>>>
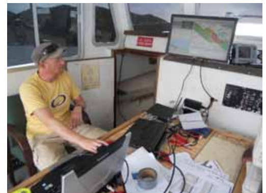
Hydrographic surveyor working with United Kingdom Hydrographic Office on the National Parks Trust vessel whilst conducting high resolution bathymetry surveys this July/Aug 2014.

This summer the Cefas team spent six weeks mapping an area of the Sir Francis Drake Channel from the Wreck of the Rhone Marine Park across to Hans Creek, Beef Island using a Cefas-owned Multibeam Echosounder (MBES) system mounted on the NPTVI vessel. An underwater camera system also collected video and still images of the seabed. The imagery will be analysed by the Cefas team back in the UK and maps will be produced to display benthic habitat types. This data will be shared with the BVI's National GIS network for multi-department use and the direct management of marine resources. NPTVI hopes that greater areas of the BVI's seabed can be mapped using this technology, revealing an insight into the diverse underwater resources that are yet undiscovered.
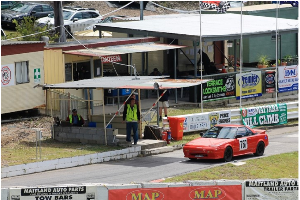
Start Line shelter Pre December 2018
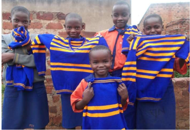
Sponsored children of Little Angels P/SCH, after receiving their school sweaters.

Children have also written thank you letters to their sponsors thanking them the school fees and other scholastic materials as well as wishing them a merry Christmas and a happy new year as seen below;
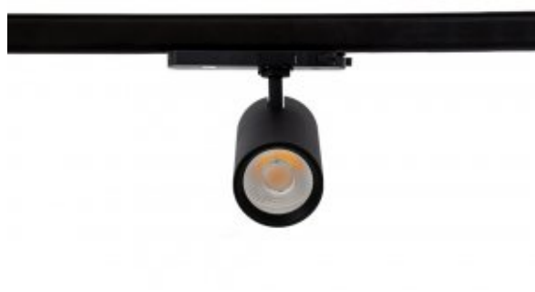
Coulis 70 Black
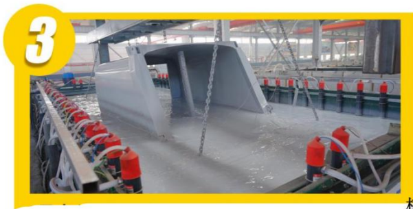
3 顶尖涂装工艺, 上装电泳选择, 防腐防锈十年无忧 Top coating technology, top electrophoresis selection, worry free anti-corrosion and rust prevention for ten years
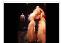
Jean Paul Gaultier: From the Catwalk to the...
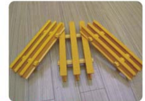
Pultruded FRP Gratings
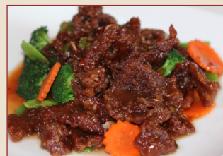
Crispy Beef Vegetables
<<<
>>>
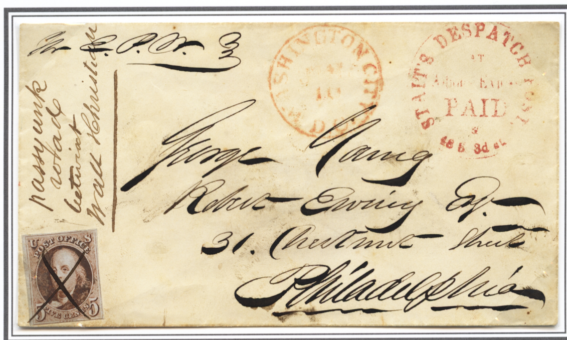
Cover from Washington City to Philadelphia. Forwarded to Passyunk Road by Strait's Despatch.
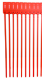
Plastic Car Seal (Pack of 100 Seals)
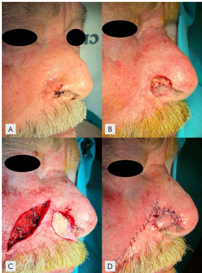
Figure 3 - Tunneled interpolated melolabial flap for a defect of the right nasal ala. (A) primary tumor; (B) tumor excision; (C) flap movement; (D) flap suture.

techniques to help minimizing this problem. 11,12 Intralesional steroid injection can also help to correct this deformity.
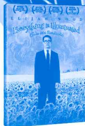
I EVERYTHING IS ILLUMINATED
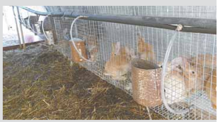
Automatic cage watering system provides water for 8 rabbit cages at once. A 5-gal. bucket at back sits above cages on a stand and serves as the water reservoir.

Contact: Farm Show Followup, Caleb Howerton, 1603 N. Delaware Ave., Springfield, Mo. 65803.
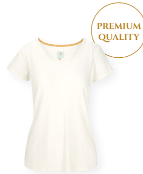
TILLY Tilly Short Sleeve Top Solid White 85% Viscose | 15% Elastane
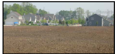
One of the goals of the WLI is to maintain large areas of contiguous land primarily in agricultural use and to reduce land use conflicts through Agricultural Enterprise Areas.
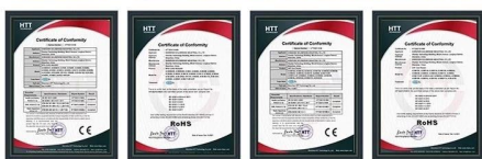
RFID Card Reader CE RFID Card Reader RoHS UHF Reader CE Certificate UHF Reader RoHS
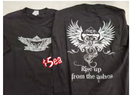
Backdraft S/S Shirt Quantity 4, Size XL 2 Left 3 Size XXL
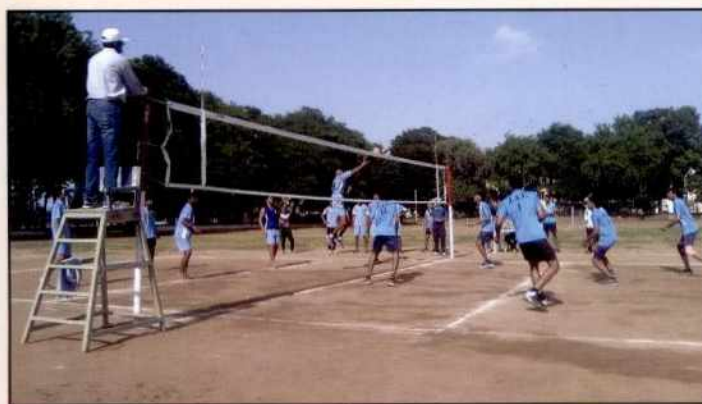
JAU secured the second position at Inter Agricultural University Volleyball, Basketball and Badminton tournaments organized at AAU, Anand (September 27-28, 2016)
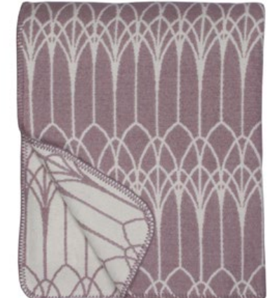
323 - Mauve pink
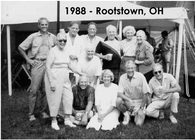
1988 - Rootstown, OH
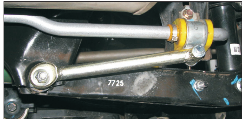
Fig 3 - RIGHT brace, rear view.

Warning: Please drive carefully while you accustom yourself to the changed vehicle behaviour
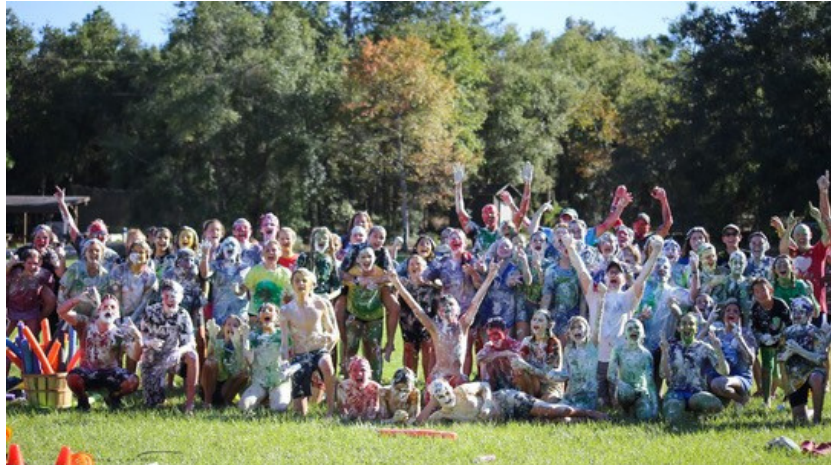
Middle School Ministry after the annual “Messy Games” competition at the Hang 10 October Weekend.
<<<
Work instructions
What belongs in the answer is each line above from the line with "I EVERYTHING IS ILLUMINATED" to the line with "Middle School Ministry", inclusive, reproduced exactly and free of pictures.

Answer space
I EVERYTHING IS ILLUMINATED
Automatic cage watering system provides water for 8 rabbit cages at once. A 5-gal. bucket at back sits above cages on a stand and serves as the water reservoir.

Contact: Farm Show Followup, Caleb Howerton, 1603 N. Delaware Ave., Springfield, Mo. 65803.
TILLY Tilly Short Sleeve Top Solid White 85% Viscose | 15% Elastane
One of the goals of the WLI is to maintain large areas of contiguous land primarily in agricultural use and to reduce land use conflicts through Agricultural Enterprise Areas.
RFID Card Reader CE RFID Card Reader RoHS UHF Reader CE Certificate UHF Reader RoHS
Backdraft S/S Shirt Quantity 4, Size XL 2 Left 3 Size XXL
JAU secured the second position at Inter Agricultural University Volleyball, Basketball and Badminton tournaments organized at AAU, Anand (September 27-28, 2016)
323 - Mauve pink
1988 - Rootstown, OH
Fig 3 - RIGHT brace, rear view.

Warning: Please drive carefully while you accustom yourself to the changed vehicle behaviour
Middle School Ministry after the annual “Messy Games” competition at the Hang 10 October Weekend.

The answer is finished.